Trigonometry and Coordinate systems
After you have a free body diagram, the next step to every physics problem is to turn that information into an equation based on either Newton's 2nd law, F=ma, or plug it into the energy equation.
F=ma applies independently in each direction, with F being the sum of forces in one of the directions. Summing the components in both x and y axes is generally a good idea, but often the direction of motion (DOM) is the only one needed. For components that move in only one direction, like in Atwood's machine, 1D kinematics, and Block on a slope, I "assign" whatever direction I think it will move as positive (gutcheck only, if wrong you'll get a negative answer which is ok). Some problems have motion in both x and y at the same time but in a straight line, such as the top-down box problem, and assigning the direction of the net force as positive DOM makes the later steps significantly easier. For any problem with friction, you will probably need to find the sum of forces in the direction perpendicular to the DOM, the normal direction (preferably 90 deg CCW), before you can solve the DOM equation. without friction, the normal direction is sometimes not required, so do it second after checking if the DOM F=ma can solve the equation. If the normal force is entirely pointing in the normal direction (or x/y axes) the sum of forces is 0 in that direction, with the important caveat that this refers to the relative acceleration between 2 contacting objects, but not an outside observer, see the elevator problem)
To find the components of each force in each direction we need a little bit of trig. SOH-CAH-TOA is a mnemonic device that is used in math to remember the definitions of the three most common trigonometric functions, for engineers and physics majors, it's worth memorizing for later classes. Using them for every problem individually will work, but it's slow, especially if the reference angle (the dark corner in the image below) for each force is off of a different axis; later, I'll show my process to do it faster and foolproof.
The magnitude of the force lies on the hypotenuse of the triangle, and the components are the bottom and far side (adjacent and opposite). F*sin(theta) = the magnitude in the direction parallel to the opposite side. depending on what the angle is referenced to, this could be the x or y-axis, and it could be a negative or positive force, if it's the same direction as the positive axis, it's a positive force. The adjacent side can be found with F*cos(theta), but still needs a sign check. (example further down).

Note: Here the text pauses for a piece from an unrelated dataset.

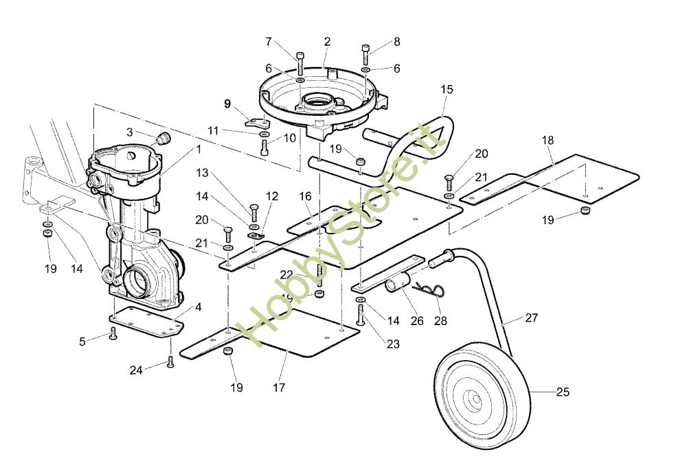 Ricambio Ruota con forcella Scatola cambio 112 (Fino/Until 2009) Motozappa della marca Nibbi Richiede pezzi:1

This method is useful for 3-4-5 triangles (angle 37 deg), or angles on the unit circle, where using a calculator can be avoided
If this sounds annoying, it is, and is the largest source of mistakes I see my students make, either swapping sin and cos, or forgetting to do the sign check.
A common problem is demonstrated below in how to convert a FBD into F=ma.
Luckily there is an easier way. First, find the angle the vector makes with the positive x-axis, with CCW positive in a right hanged cordinate system. It is acceptable to measure a 330 deg angle as -30 deg. Now finding the components, and direction is as simple as,
F_x = F*cos(theta)
F_y = F*sin(theta)
Your calculator will automatically output a negative value if the force points left or down, as long as the angle is input correctly. It's worth testing what inputs will result in the same value to gain some intuition for these problems. For example,
cos(120) = -sin(30), or cos(37) = cos(-37), or sin(10) = -sin(-10)
note that F is always assumed positive, and if it's negative it's the same as adding 180 deg to the angle.
This works perfectly fine in radians but made sure your calculator is in the right setting
(for the TI series, MODE - 4th row, Desmos defaults to radians)
After some practice with these, look up some trig identities, and try proving them geometrically
The same problem as above is done agian with the easiaer method. The lift vector uses the easy way, by using the absolute ange (CCW from +x to +y) and allows the trig functions to output the sign (this can be done on the unit circle for these angles). The weight acts only in the -y dircetion, so its only included on the F_y equation, and has a negitive sign in front of it.
Two more tools needed for the basics of trig are the Pythagorean theorem and tangent. where,
F = sqrt(F_x^2 + F_y^2)
note that this syntax is (probably) accepted by mastering physics and WebAssign
where the magnitude of the force can be found given both components or can be rearranged to find the magnitude of one component (but not sign direction) given total magnitude and the other component
F_y = sqrt(F^2 - F_x^2)
F_x = sqrt(F^2 - F_y^2)
Once you have found the magnitude and components of a vector, many questions want a final answer regarding the direction of the vector. using TOA we can find that, tan(theta) = op/aj => F_y/F_x quite literally "rise over run" or the slope of the line.
the angle theta is then
theta = arctan(F_y/F_x)
most calculators have a tan^-1 button, this means arctan or atan, but is NOT 1/tan
But note that your calculator will output a value between 90 and -90 deg, as it cannot tell the difference between (-1)/(2) and (1)/(-2) which are angles in the 4th and 2nd quadrants respectfully or (3)/(5) and (-3)/(-5) as it cancels the negative sign. However, all of these errors are 180 deg apart, manually checking whether the final angle is in the right quadrant is an important step.
Many programming languages such as MATLAB and Excel have functions called atan2, which accept 2 inputs as the x and y coordinates (not y then x) and does the check for you.